In the Dakota, Questar recently completed a well that came onstream at 6.5 million per day natural. "This is exploration drilling. But at the same time, there are so many pay zones in our fields that we know we can make a gas well in the shallower section. It gives us confidence to do deeper drilling."

Company-wide, Questar expects to produce between 135 and 138 Bcfe in 2007, a sturdy increase from 2006 production of 129.6 Bcfe. "We have a huge acreage position in the Rockies. Our challenges are to get it all evaluated and keep our eye out for new things," says Matheny. "We have lots of good projects.

Huge CBM Project

Although the Greater Green River has not been known as a major CBM province, this could change with development of Atlantic Rim. This long-talked-about prospect lies along the east side of the Washakie Basin, just updip of prodigious Wamsutter Field. The Carbon County, Wyoming, project stretches 40 miles long by 10 miles wide along the basin's hingeline, bringing Cretaceous Almond and Allen Ridge coals within easy reach of drillbits.

Denver independent Double Eagle Petroleum has been working Atlantic Rim since 1999, when it launched the play with a recompletion of an existing well in Cow Creek Field in Almond coals. Today, the company holds more than 50,000 gross (30,000 net) acres in the project area.

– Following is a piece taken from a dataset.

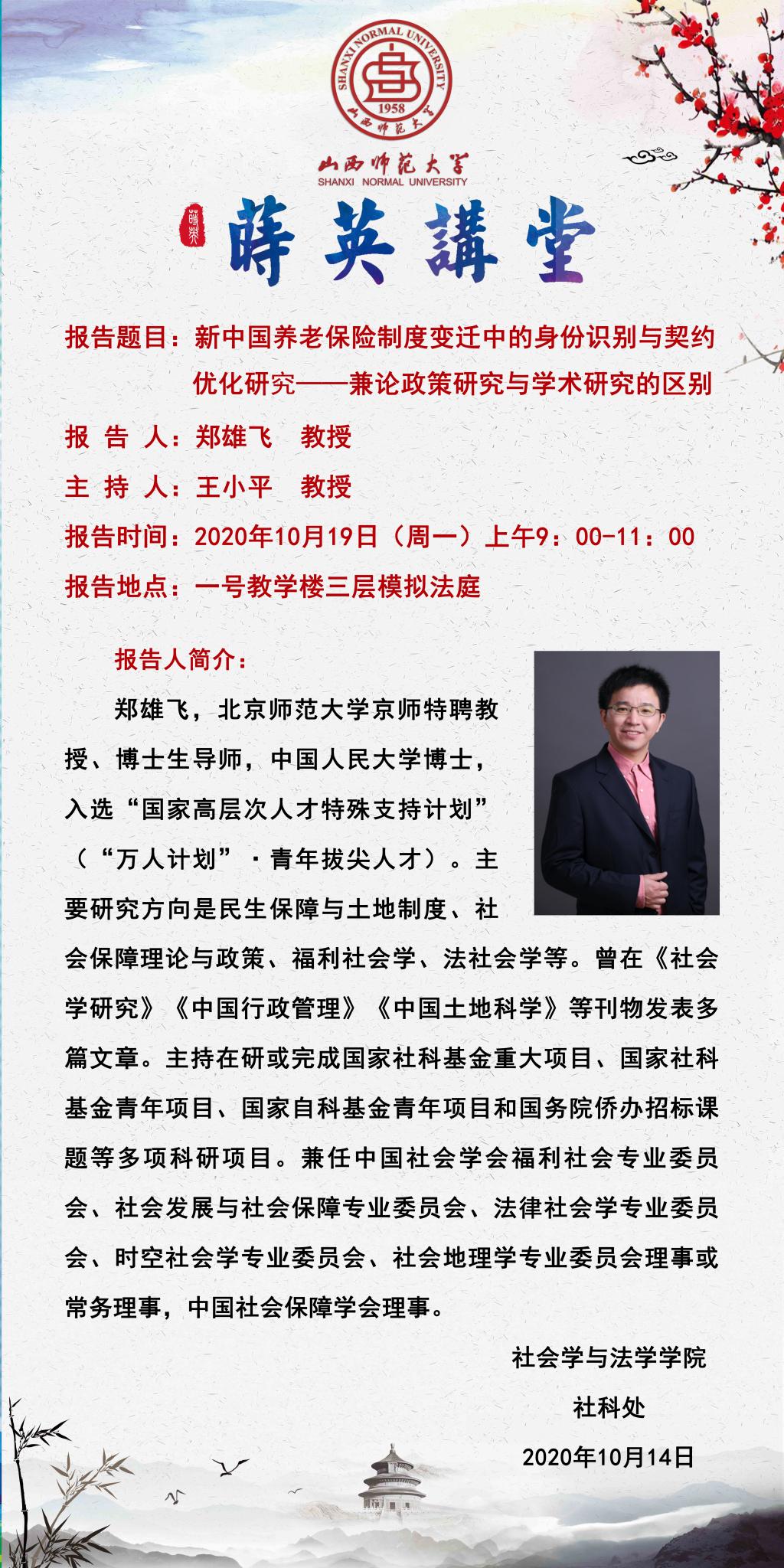 【预告】【莳英讲堂】 北京师范大学京师特聘教授郑雄飞应社会学与法学学院邀请来威尼斯官网作学术报告

The objective coals at Cow Creek are found in the top 400 feet of the Cretaceous Mesaverde at depths from 1,000 to 1,400 feet. Seams are between one and 20 feet thick, and wells have 20 to 30 gross feet of coal. Gas contents are excellent, in a range of 200 to 300 standard cubic feet (scf) per ton.

As attractive as Atlantic Rim appeared when first discovered, development has been delayed numerous times. This is a highly sensitive area, and federal approvals have taken five years so far. In 2002, the BLM decided to allow up to 200 wells to be drilled in 24-well pods while the EIS was being prepared.

In June, Atlantic Rim operators finally received a ROD from the BLM that will allow them to drill 1,800 CBM and 200 deeper conventional wells.

Not surprisingly, several groups immediately appealed the long-awaited decision, and the Internal Bureau of Land Affairs is currently reviewing a request for a stay of the decision. Field operators have agreed to hold off drilling operations until August 6. (Depending on IBLA findings, the project could potentially be delayed again.)

But as soon as operators get a green light, they are ready to move forward. That's because results from pilots, particularly those in the center of the area, have been strongly encouraging.

Double Eagle's main producing asset in Atlantic Rim is its 21,000-acre Catalina Unit, on which it operates 14 wells in a pilot at Cow Creek Field. In 2002, the company drilled and fracture stimulated most of its wells, which immediately began making gas at rates of about 200,000 cubic feet a day apiece. After 18 months, the wells reached a production plateau at average rates of 450,000 per day each. Today, the field makes 6 million a day. "The wells have really held up nicely for us," says Steve Hollis, chief executive officer.

Double Eagle also owns 20% interest in another 46 wells that Anadarko Petroleum operates in a pilot at Doty Mountain, and 4.5% interest in 12 wells at Warren Resources' Sun Dog pilot.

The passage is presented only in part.